Integrating both sides of equation (i) with respect to x, we have

\int {\frac{1}{x}dx} = \int {d\left[ {\ln x + c} \right]}

Since integration and differentiation are reverse processes to each other, the integral sign \int {} and \frac{d}{{dx}} on the right side will cancel each other out, i.e.

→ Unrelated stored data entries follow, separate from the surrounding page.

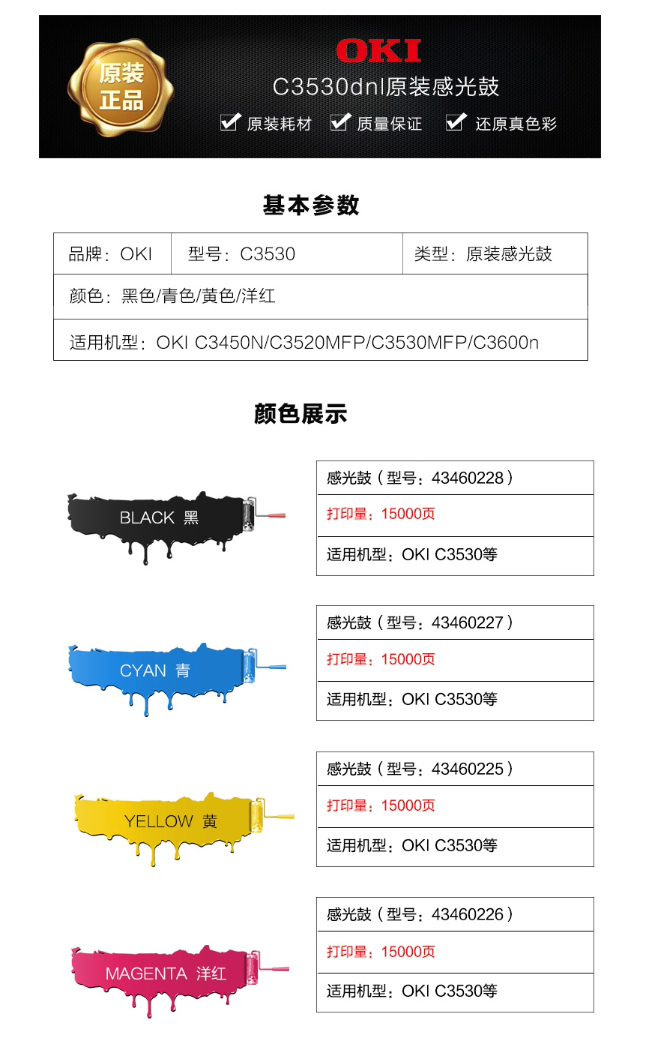 • 商品名稱(chēng):OKI青色感光鼓43460227 適用于C3530MFP
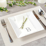Enhance guest dining experiences with elegant disposable options. Luxenap Rectangle Silver Letter B White Paper Linen-Feel Guest Towel / Napkins offer a luxurious linen-feel, air-laid paper that elevates the comfort and sophistication of any table setting while ensuring guests feel pampered. Featuring elegant silver printing, these paper napkins introduce an upscale touch to formal dining events, making them ideal wedding napkins. Their 1/4 fold design simplifies table setting changes for busy service staff, ensuring efficiency during high-demand periods. The absorbent material quickly tackles spills, reducing waste and maintaining a pristine dining environment, which is crucial for maintaining a clean and inviting atmosphere. These linen-feel napkins are perfect for foodservice professionals looking to impress at weddings or upscale events. Measuring 15.75 x 7.87 inches, they offer ample coverage as guest towels or dinner napkins. Sold in a 50 count box.
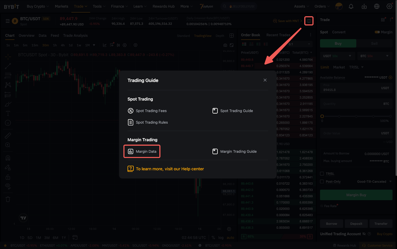 Щоб переглянути останні відсоткові ставки для спотової маржинальної торгівлі, натисніть Торг.посібник → Дані про маржу. Ви також можете переглянути відсоткові ставки для різних VIP-рівнів.
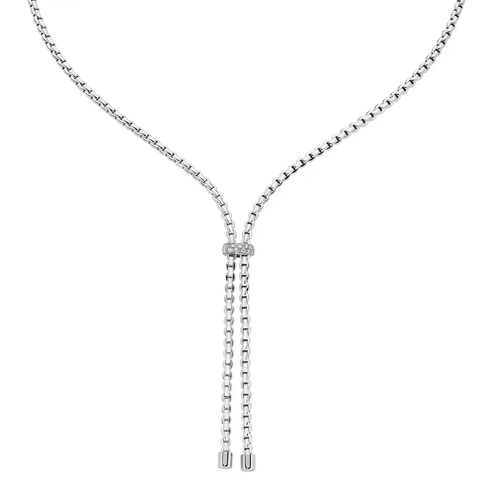 In Fope’s necklaces, the Novecento link takes many forms: round or flat, varying in thickness, it is enriched with circlets and gold elements, and even with diamonds. The variety of models ranges from the choker to a long necklace and lariat necklace. Together with matching bracelets, rings and necklaces, these gold necklaces are perfect for any occasion. Flex’it is the brand’s signature: if Fope jewellery is known the world over, it is because of the mesh that is made flexible by a patented system of tiny 18-carat gold springs, which create original styles and fits.

\int {\frac{1}{x}dx} = \ln x + c

Example: Evaluate the integral \int {\frac{{1 - x}}{x}dx} with respect to x

We have integral

I = \int {\frac{{1 - x}}{x}dx}


\begin{gathered} \int {\frac{{1 - x}}{x}dx} = \int {\left( {\frac{1}{x} + \frac{x}{x}} \right)\,} dx \\ \Rightarrow \int {\frac{{1 - x}}{x}dx} = \int {\left( {\frac{1}{x} + 1} \right)\,} dx \\ \end{gathered}

Using integration of one over X, we have

\begin{gathered} \int {\frac{{1 - x}}{x}dx} = \int {\frac{1}{x}} \,dx + \int {1\,dx} \\ \Rightarrow \int {\frac{{1 - x}}{x}dx} = \ln x + x + c \\ \end{gathered}